Curated by Brooke Babington and Liang Luscombe

3 May -
31 May 2014

200 Gertrude Street

200 Gertrude Street, Fitzroy

To those who turned their feet around so that their tracks would confuse their pursuers: why not walk backward? - Seth Price

Why not walk backward? considered the implications of reiteration. To repeat, when contemporary time threatens to subsume our sense of history and narrative, is to propose a different type of relationship to time. The group of five Australian and international artists in Why not walk backward?, Fiona Abicare, Nina Beier, Tania Bruguera, Catherine or Kate and Marvin Gaye Chetwynd, retraced old steps – their own and others – using appropriation to deal with the ghosts of the past in new and imaginative ways.

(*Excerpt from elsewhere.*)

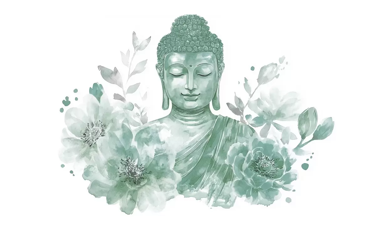 Fototapeedid Akvarell Buddha lilledega, vaimne, roheline värvipalett Nr w04005v3

Each of these artists utilised performance or strategies associated with performance to appropriate existing, historically significant works of art through homage, reinterpretation or re-enactment. Working at the intersection of performance and appropriation they addressed issues of temporality and historiography.

This use of appropriation was taken up by Melbourne artist Fiona Abicare in an evolving installation and performance work. Artist Actor, Artist Auteur reworked and combined costumes worn by female artists depicted in film as the material basis to ground an elaborate network of personal recollections, associations and schematic representations.

Nina Beier’s sculpture Trauerspiel was recreated by an actor employed to perform the creative act on the artist’s behalf, armed only with verbal descriptions of the original work. This was the third iteration of Beier’s Trauerspiel: the work dictated that the exhibition copy be destroyed at the close of each exhibition to be remade again by another collaborator at a later date.

Alongside these works was a video by 2012 Turner Prize nominee and performance artist Marvin Gaye Chetwynd (formerly Spartacus Chetwynd) whose ad-hoc, amateur performances throw together references from art history and popular culture. For Why not walk backward? Chetwynd presented The Walk to Dover, a film photomontage that documents a journey taken by her and a group of friends from London to Dover following in the footsteps of Charles Dickens’ David Copperfield.

Returning from a semester at ‘comedy school’ in Chicago, emerging Brisbane duo Catherine or Kate gently mocked and pay homage to mentor artists Paul Harrison and John Wood (UK) and The Art Guys (USA). These video works copy video interviews and artworks by their mentors in a humorously lo-fi and irreverent style that sits at the intersection of performance and appropriation.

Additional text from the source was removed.